Transactions
Wrap service calls in database transactions using Kysely's ControlledTransaction API. The recommended way is the withTransaction() around hook.
Using the withTransaction() around hook (recommended)
A single around hook handles the whole lifecycle: start → commit on success → rollback on error. It also defers Feathers service events until the transaction commits (and discards them on rollback), so listeners never react to data that was rolled back — including events from nested cross-service calls.
Per method:
import { withTransaction } from "@fratzinger/feathers-kysely";
app.service("users").hooks({
around: {
create: [withTransaction()],
},
});For full cross-service event deferral, register it app-wide. App-level around hooks run for every service and execute inside Feathers' internal event hook, which is exactly what makes deferral work:
app.hooks({
around: [withTransaction()],
});withTransaction() only engages for create / update / patch / remove. Every other method, and any non-Kysely or transaction-incapable service (e.g. in-memory SQLite), is a transparent passthrough — so app-level registration is safe across a mixed app.
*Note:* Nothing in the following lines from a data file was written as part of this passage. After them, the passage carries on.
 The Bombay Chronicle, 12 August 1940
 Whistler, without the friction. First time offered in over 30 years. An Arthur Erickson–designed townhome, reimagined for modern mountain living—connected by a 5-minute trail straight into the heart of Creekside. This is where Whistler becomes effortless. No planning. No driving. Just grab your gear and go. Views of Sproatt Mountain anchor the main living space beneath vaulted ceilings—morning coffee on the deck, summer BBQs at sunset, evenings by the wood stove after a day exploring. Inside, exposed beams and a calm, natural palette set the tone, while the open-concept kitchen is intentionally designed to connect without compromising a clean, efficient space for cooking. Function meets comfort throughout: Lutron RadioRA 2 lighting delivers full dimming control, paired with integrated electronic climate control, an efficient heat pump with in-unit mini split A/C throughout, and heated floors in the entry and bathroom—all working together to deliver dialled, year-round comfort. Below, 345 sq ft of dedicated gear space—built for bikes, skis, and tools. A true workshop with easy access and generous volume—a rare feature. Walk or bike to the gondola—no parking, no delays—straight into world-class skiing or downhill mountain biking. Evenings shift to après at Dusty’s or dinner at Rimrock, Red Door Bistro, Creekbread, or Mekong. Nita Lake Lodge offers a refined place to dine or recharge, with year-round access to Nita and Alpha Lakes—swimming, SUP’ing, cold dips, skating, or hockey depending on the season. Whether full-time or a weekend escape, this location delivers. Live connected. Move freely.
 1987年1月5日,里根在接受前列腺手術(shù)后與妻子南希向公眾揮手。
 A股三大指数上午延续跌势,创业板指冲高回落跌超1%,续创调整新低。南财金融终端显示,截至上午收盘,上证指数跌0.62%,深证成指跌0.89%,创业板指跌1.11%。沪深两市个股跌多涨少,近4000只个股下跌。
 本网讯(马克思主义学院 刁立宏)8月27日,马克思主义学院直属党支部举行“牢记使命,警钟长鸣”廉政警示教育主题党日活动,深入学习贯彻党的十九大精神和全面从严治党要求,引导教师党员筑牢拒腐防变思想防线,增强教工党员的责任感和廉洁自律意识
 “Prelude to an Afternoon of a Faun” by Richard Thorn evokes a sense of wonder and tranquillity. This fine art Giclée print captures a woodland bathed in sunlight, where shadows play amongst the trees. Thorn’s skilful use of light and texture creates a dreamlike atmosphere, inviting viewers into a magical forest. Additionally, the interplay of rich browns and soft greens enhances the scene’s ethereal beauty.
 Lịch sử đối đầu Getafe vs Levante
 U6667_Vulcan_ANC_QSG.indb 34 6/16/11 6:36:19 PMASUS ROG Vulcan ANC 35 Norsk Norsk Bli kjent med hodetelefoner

Root vs. nested is detected automatically: if params.transaction is already set, a savepoint is opened instead of a new root transaction. Forward context.params.transaction into nested service calls to include them:
app.service("users").hooks({
around: { create: [withTransaction()] },
before: {
create: [
async (context) => {
await context.app
.service("audit")
.create(
{ message: "user created" },
{ transaction: context.params.transaction },
);
},
],
},
});Event timing
- On a successful root commit, all collected events (
created/updated/patched/removed), including those of nested cross-service calls, are emitted in call order. - On rollback, no events are emitted at all.
- Only the root transaction flushes; nested savepoints just queue onto it.
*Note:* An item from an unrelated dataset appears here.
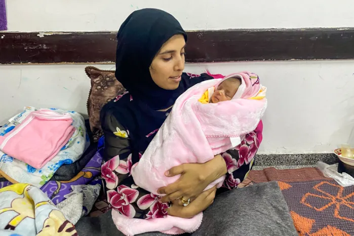 En labor de parto en medio de bombardeos en Gaza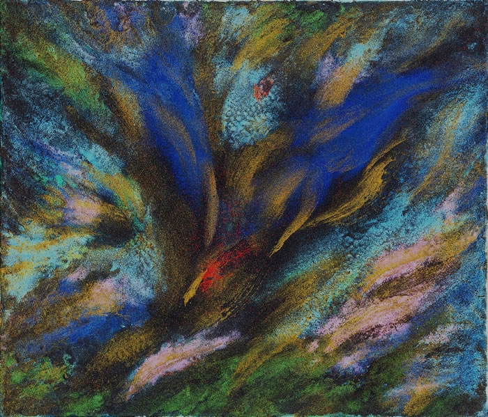 她的岩彩画通过色彩构成表现的诗情,往往是她几十年情感生活记忆中一些闪光的碎片。

For a nested service's event to be deferred it must also run through withTransaction() (per-service or app-level) and the call must forward params.transaction.
How event deferral works
Feathers emits created/updated/… in an internal app-level around hook that wraps every method. withTransaction() runs inside it. After the wrapped method resolves, the hook captures the pending event into a root-transaction-scoped queue and clears context.event so the internal hook does not emit immediately. When the root transaction commits, the queue is flushed; on rollback it is discarded.
Legacy hooks (deprecated)
Deprecated
trxStart / trxCommit / trxRollback are kept for backward compatibility but are deprecated. They do not defer cross-service events. Prefer withTransaction().
import { trxStart, trxCommit, trxRollback } from "@fratzinger/feathers-kysely";
app.service("users").hooks({
before: {
create: [trxStart()],
},
after: {
create: [trxCommit()],
},
error: {
create: [trxRollback()],
},
});Using Params Directly
You can manage transactions manually by passing a transaction object in params. This interoperates with withTransaction() — forward context.params.transaction into nested service calls and they join the same transaction:
import type { KyselyAdapterTransaction } from "@fratzinger/feathers-kysely";
const trx = await db.startTransaction().execute();
const transaction: KyselyAdapterTransaction = {
trx,
id: Date.now(),
starting: false,
};
try {
await app
.service("users")
.create({ name: "Alice", age: 30 }, { transaction });
await app
.service("posts")
.create({ title: "Hello", userId: 1 }, { transaction });
await trx.commit().execute();
} catch (error) {
await trx.rollback().execute();
throw error;
}Nested Transactions (Savepoints)
Nested transactions are backed by savepoints. When a params.transaction is already present, withTransaction() (and the legacy trxStart()) opens a savepoint via trx.savepoint() instead of a new root transaction, releasing it on success and rolling back to it on error. This happens automatically — just forward context.params.transaction into the nested service call.